Кажется, они не разгадали моего страха. А теперь сами трусят.
— Со мной пойдет Коля Рагозин. А остальные немедленно отправляйтесь спать.
— Идите, — говорит Рагозин, чтобы сохранить видимость власти.
Некоторое время мальчишки еще сопровождают нас, потом рассеиваются. Мы остаемся вдвоем.
— Значит, решил напугать меня? — насмешлива спрашиваю я Моряка. — Сам-то не напугался?
— Меня не так просто напугать, — заносчиво возражает он.
— Меня — тоже.
Мы идем в детскую комнату. Идем и молчим. Я не хочу начинать разговор на улице. И, по правде, не знаю, с чего начать. Я уже сказала ему все добрые слова, какие знала. Опять о том же? Так жить нельзя. Надо учиться. Надо готовить себя к труду. Надо бросить хулиганство и воровство. А он слушает и продолжает свое.
Я открываю замок, включаю свет, неторопливо снимаю плащ, берет, пригладив волосы, иду к столу.
— Садись, Коля, поговорим.
Он сегодня без бушлата, в своих узких брючишках и старом, растянувшемся у ворота свитере.
— Так как же, Коля? Как будешь жить дальше?
— Как придется.
— Всю жизнь как придется?
— А что же? Другие живут.
Знакомая ироническая усмешка трогает его губы. «Как будешь жить дальше?» А он знает? Не знает он, как будет жить, — говорит эта усмешка.

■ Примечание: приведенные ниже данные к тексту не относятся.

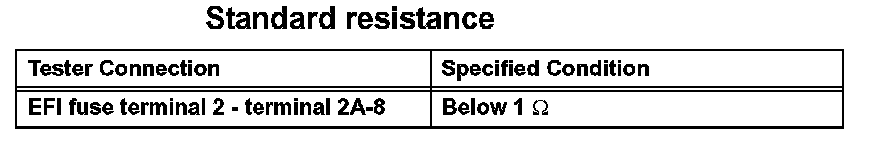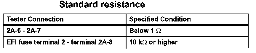 1. Remove the EFI fuse.Measure the resistance between the terminals.

— Тебе шестнадцатый год, пора подумать о будущем. Тебе нравится какая-нибудь рабочая профессия? Столяра, например. Или токаря. Или шофера.
Рагозин несколько растерян. Видимо, он ожидал, что я буду читать ему нотацию за эту глупую выходку. Он сидит, слегка раздвинув колени и положив на них смуглые грязноватые руки с тонкими пальцами и черными краешками давно не стриженных ногтей. И вдруг эти руки оживают в моем воображении, я вижу, как они неслышно ползут вдоль чужого кармана, как, нащупав добычу трепетно замирают, выжидая…
Мой пристальный взгляд смутил Николая. Он поежился и сунул руки в карманы штанов.
— Ты понял, о чем я думала, Коля?
Он быстро взглянул на меня и хотел солгать, я по лицу поняла, что хотел, но вдруг сказал:
— Понял.
Покраснел, опустил глаза. Впервые я увидела, как он покраснел.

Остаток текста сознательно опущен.